| name | agent-blueprint |
| description | Build production-grade AI agents from scratch using patterns inspired by production-grade agentic systems like Claude Code. Covers two audiences — (1) workflow builders who need planner+executor pipelines, human-in-the-loop checkpoints, and multi-agent orchestration, and (2) application embedders who need HTTP/SSE APIs, multi-user session management, and React frontend integration. Use when asked to build an AI agent, create a coding assistant, embed an agent in an app, build an API agent, clone Claude Code, build a CLI agent, design an agent architecture, scaffold an agentic system, or automate a multi-step workflow.
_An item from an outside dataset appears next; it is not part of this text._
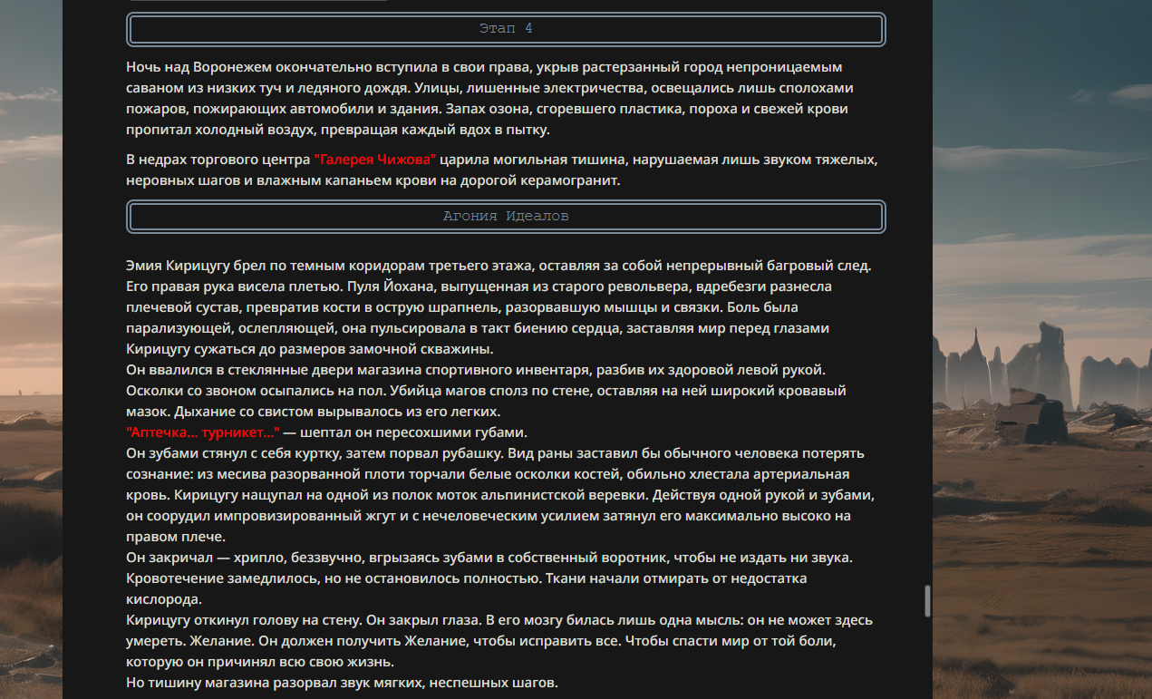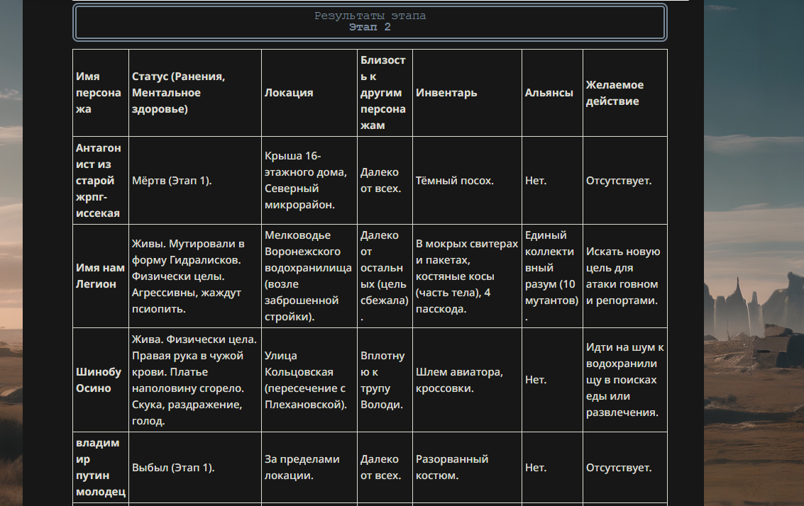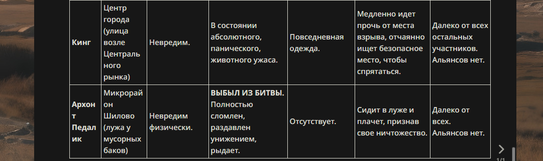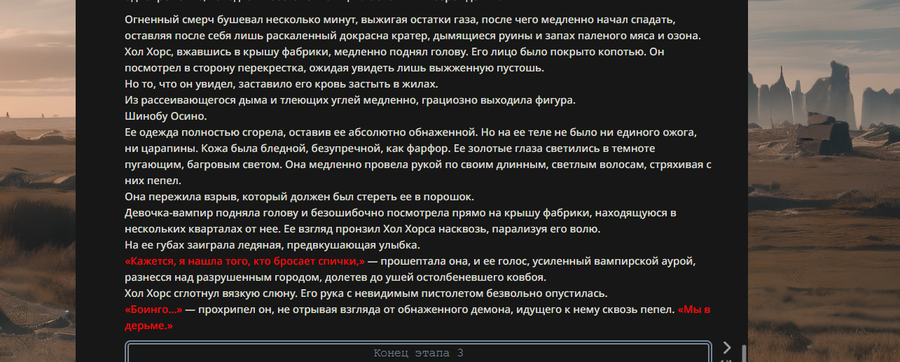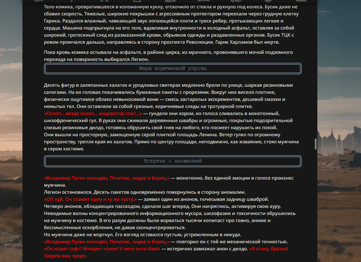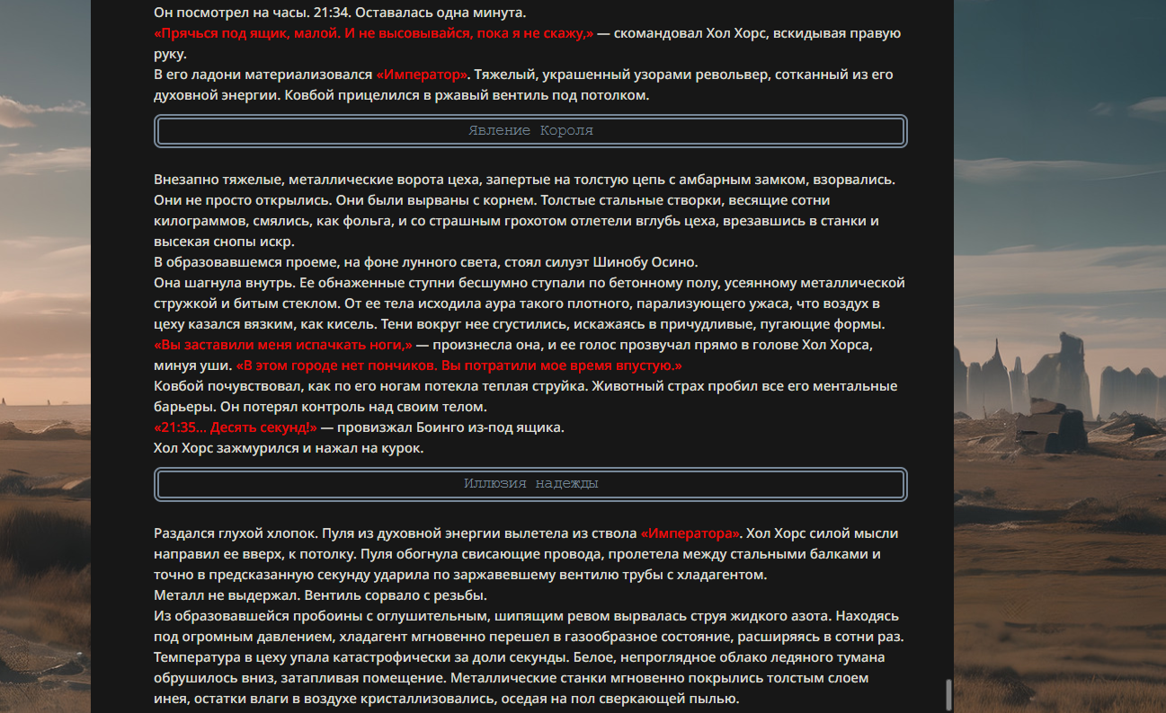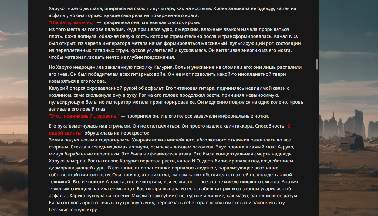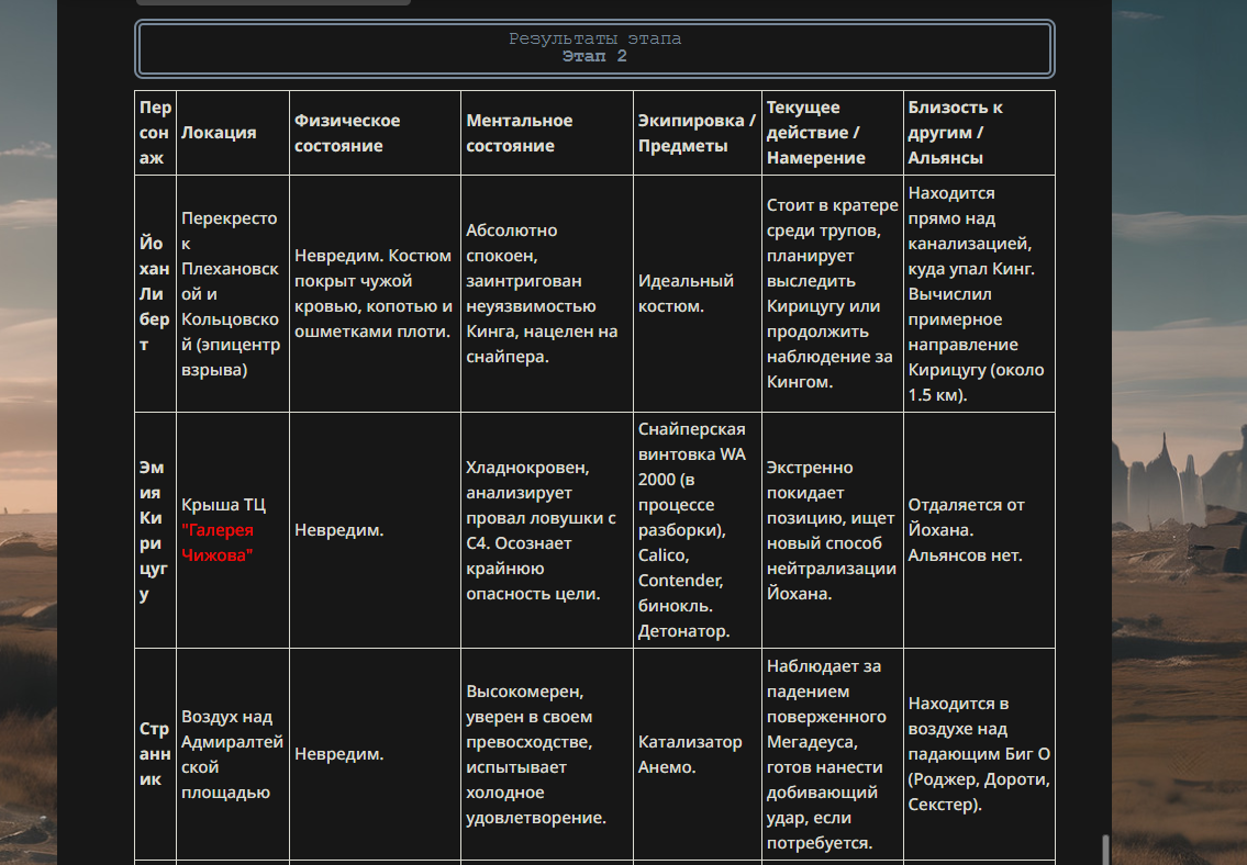 >>330178991 >Желание и сейчас оценки сделаю по просьбе. > >Секунду, шиза в желаниях. (Сверкаю глазами, потираю руки) Отлично! Шиза в желаниях — это прекрасно. Значит, игроки будут выбивать друг другу не просто "силу" или "богатство", а максимально неудобные, ироничные или абсурдные призрачные мечты. Жду списка желаний от каждого персонажа (можно в личку или сюда, если хочешь сохранить интригу). Как только желания будут определены — кидаю кости первого раунда и описываю кровавую (или не очень) мясорубку на Гемини 3.1.

Triggers on keywords like agent builder, agent blueprint, coding assistant, CLI agent, agentic tool, claude code clone, agent scaffold, agent architecture, workflow automation, multi-agent, planner executor, SSE streaming, agent API. |
| license | Apache-2.0 |
| metadata | {"version":"1.0.0","author":"agent-blueprint-community"} |
Agent Blueprint - Build Production-Grade AI Agents
Generate complete, working AI agents using battle-tested patterns studied from production-grade agentic systems. Every pattern is independently implemented and adapted for any framework, language, or purpose.
When to Use
Use this skill when:
- Building any kind of AI agent or agentic tool
- Creating a coding assistant, research agent, or task automation agent
- Designing an agent architecture with tools, permissions, and context management
- Scaffolding a new agent project from scratch
- Cloning or recreating Claude Code-like functionality
- Building multi-step automated workflows with planner + executor architecture
- Embedding an agent inside a web application via HTTP/SSE API
- Adding human-in-the-loop approval checkpoints to an autonomous agent
- Making an agent production-ready (observability, cost control, long tasks)
Do NOT use when:
- Building a simple chatbot without tools (use prompt engineering instead)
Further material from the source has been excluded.